- Born: July 20, 1965 (age 61)
- Origin: London, United Kingdom
- Occupations: Composer, conductor
- Years active: 1985-present
- Website: www.michaelplowman.com

= Michael Richard Plowman =

Michael Richard Plowman (born July 20, 1965) is a British composer and conductor, based in London, UK, Los Angeles County, California, and Vancouver, British Columbia, Canada.
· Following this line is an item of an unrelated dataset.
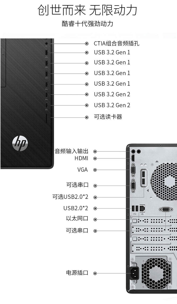 商品名称:惠普(HP)288 Pro G6 MT商用办公电脑台式机 I5-10500/16G/1T/win10/21.5寸显示器

==Early life and education==
Plowman was born in England, where he learned to play the trumpet at the early age of three. Plowman's interest in music quickly grew, as did his aspirations. He began teaching himself different orchestral instruments. Over the course of his schooling years, Plowman was a member of jazz and rock groups, playing gigs at local clubs, and at the age of 14, Plowman landed his first commercial television job. At the age of 16, he received a recording contract and produced his first album, The Now Sounds of Today.

==Career==

Working in film, television and games has given me the opportunity to explore many new musical styles and techniques. Every production is unique and providing an original score is essential.
— Michael Richard Plowman

Plowman continued his musical training at universities in Canada and the United States. He began conducting and touring worldwide with various orchestras and choirs, then moved into theater, and finally into composing music for films, television shows, and video games. Plowman has worked for Sony Pictures Television, the BBC, Cartoon Network, Warner Bros., 20th Century Fox, New Line Cinema, MTV, Nickelodeon, A&E, Discovery, and Animal Planet, to name a few. Plowman has over 500 credits to date in live-action, animation, film, concert works and video games, and continues to compose music.